Running without the --limit argument (eg import-from-booru gelbooru "masso") results in the error message below
Running with the --limit argument with a value of 100 or less (eg import-from-booru gelbooru --limit 99 "masso") results in the same error message.
Running with a --limit argument with a value of 100 or greater (eg import-from-booru gelbooru --limit 150 "masso") appears to behave normally at first, but will always return 0 posts found.

Error:
szurubooru-toolkit# import-from-booru gelbooru "masso" [INFO] [13.08.2023, 23:22:22 UTC]: Retrieving posts from gelbooru with query "masso"... [ERROR] [13.08.2023, 23:22:22 UTC] [import-from-booru.<module>]: An error has been caught in function '<module>', process 'MainProcess' (106), thread 'MainThread' (139922118998912): Traceback (most recent call last): File "/usr/local/bin/import-from-booru", line 6, in <module> sys.exit(main()) File "/szurubooru-toolkit/src/szurubooru_toolkit/scripts/import_from_booru.py", line 150, in main total_posts = next(posts) File "/szurubooru-toolkit/src/szurubooru_toolkit/utils.py", line 432, in get_posts_from_booru results = sync(booru.client.search_posts(tags=query.split()), limit=limit) File "/usr/local/lib/python3.11/functools.py", line 909, in wrapper return dispatch(args[0].__class__)(*args, **kw) TypeError: sync_co() got an unexpected keyword argument 'limit' Exception ignored in: <coroutine object Gelbooru.search_posts at 0x7f4225be3ef0> Traceback (most recent call last): File "/usr/local/lib/python3.11/warnings.py", line 537, in _warn_unawaited_coroutine warn(msg, category=RuntimeWarning, stacklevel=2, source=coro) File "/usr/local/lib/python3.11/warnings.py", line 109, in _showwarnmsg sw(msg.message, msg.category, msg.filename, msg.lineno, File "/szurubooru-toolkit/src/szurubooru_toolkit/utils.py", line 43, in ignore_decompression_bomb_warning return warnings.defaultaction(message, category, filename, lineno, file, line) ^^^^^^^^^^^^^^^^^^^^^^^^^^^^^^^^^^^^^^^^^^^^^^^^^^^^^^^^^^^^^^^^^^^^^^^ TypeError: 'str' object is not callable

Danbooru

Does not generate the errors above, and works well, but the amount of posts pulled is always different from the value of the --limit argument

Answer 5 · 2023-08-13T23:41:52.000Z

Some more strange behaviour:

Answer 6 · 2023-08-14T20:08:54.000Z

You're right, there was still some work to do. I pushed another quick to main where Danbooru (and hopefully other boorus) work just fine.

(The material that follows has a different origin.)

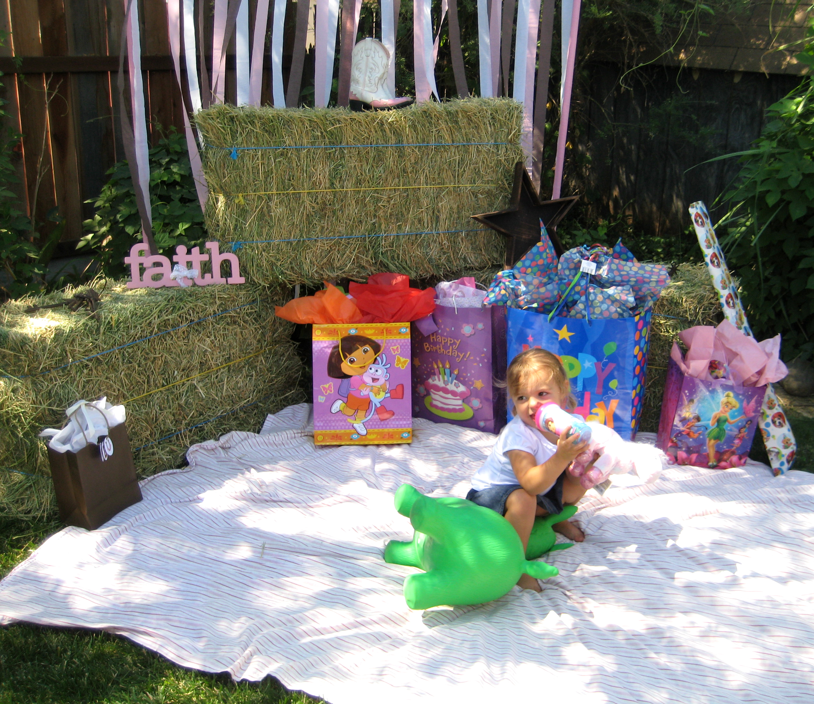 I wanted to create a little area for her to be able to play and open her presents. I stacked three hay bales with a streamer backdrop and added a few country accessories. I put a sheet down for comfort, and she loved it. She was the queen in her special area.

However, I've noticed that the Gelbooru module I'm using is only retrieving a maximum of 20 results instead of the usual 100. Using a limit of 100 gets ignored, using the API URL in the browser does work however. I also cannot get any results anymore, so I got probably rate limited for today.

There is still some old code in import-from-booru which probably needs rewriting, but as the import-from-url script exists, I'm kinda lazy to do any major reworks.

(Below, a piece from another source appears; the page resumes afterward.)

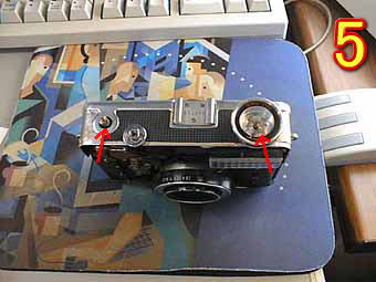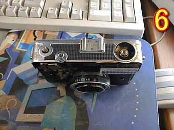 次にトップカバーを外していきます。キャノンデミよりセルフタイマーがある為少々やっかいです。まず巻き上げレバーと巻き戻しクランクを外します。そうすると写真5の状態になります。次にセルフタイマーの中にあるリングを外してカニ目でセルフ自体を回すと写真6のようにセルフ部品が外れます。 | ![]() |

You can always use the import-from-url script, but yeah, the syntax is not as clean as the import-from-booru script: import-from-url [--range "1-20"] https://gelbooru.com/index.php?page=post&s=list&tags=masso

Answer 7 · 2023-12-08T02:27:25.000Z

I just tried the import-from-url script work around and yeah that works great thanks!